[EXERCISE INPUTS — start]
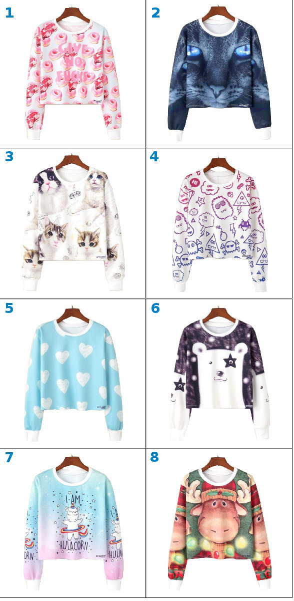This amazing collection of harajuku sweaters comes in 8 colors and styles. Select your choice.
[EXERCISE INPUTS — finish]
[EXERCISE INPUTS — start]
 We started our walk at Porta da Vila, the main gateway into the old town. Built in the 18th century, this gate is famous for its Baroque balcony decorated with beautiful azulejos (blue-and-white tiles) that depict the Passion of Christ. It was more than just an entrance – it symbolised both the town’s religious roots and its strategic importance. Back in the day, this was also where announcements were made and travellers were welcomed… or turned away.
[EXERCISE INPUTS — finish]
[EXERCISE INPUTS — start]
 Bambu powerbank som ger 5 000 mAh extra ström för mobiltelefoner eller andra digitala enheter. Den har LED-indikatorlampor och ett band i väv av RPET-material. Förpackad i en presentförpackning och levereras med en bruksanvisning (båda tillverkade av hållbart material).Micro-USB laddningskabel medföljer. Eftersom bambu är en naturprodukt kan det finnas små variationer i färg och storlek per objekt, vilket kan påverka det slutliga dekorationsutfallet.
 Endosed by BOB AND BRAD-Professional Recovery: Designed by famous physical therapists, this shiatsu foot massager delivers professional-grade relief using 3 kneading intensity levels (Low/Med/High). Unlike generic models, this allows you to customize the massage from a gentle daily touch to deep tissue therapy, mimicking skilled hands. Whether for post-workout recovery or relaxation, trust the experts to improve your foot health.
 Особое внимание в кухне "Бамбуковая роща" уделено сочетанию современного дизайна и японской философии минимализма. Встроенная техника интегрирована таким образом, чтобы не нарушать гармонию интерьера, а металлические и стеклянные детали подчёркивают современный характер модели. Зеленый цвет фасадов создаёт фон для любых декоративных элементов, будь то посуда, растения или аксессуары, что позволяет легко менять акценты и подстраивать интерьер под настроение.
[EXERCISE INPUTS — finish]
Here the job is to set down exactly the lines of the material above that fall between the one with "Bambu powerbank som" and the one with "Особое внимание в", inclusive, and nothing beyond them.

**PROBLEM SOLUTION**
 Bambu powerbank som ger 5 000 mAh extra ström för mobiltelefoner eller andra digitala enheter. Den har LED-indikatorlampor och ett band i väv av RPET-material. Förpackad i en presentförpackning och levereras med en bruksanvisning (båda tillverkade av hållbart material).Micro-USB laddningskabel medföljer. Eftersom bambu är en naturprodukt kan det finnas små variationer i färg och storlek per objekt, vilket kan påverka det slutliga dekorationsutfallet.
 Endosed by BOB AND BRAD-Professional Recovery: Designed by famous physical therapists, this shiatsu foot massager delivers professional-grade relief using 3 kneading intensity levels (Low/Med/High). Unlike generic models, this allows you to customize the massage from a gentle daily touch to deep tissue therapy, mimicking skilled hands. Whether for post-workout recovery or relaxation, trust the experts to improve your foot health.
 Особое внимание в кухне "Бамбуковая роща" уделено сочетанию современного дизайна и японской философии минимализма. Встроенная техника интегрирована таким образом, чтобы не нарушать гармонию интерьера, а металлические и стеклянные детали подчёркивают современный характер модели. Зеленый цвет фасадов создаёт фон для любых декоративных элементов, будь то посуда, растения или аксессуары, что позволяет легко менять акценты и подстраивать интерьер под настроение.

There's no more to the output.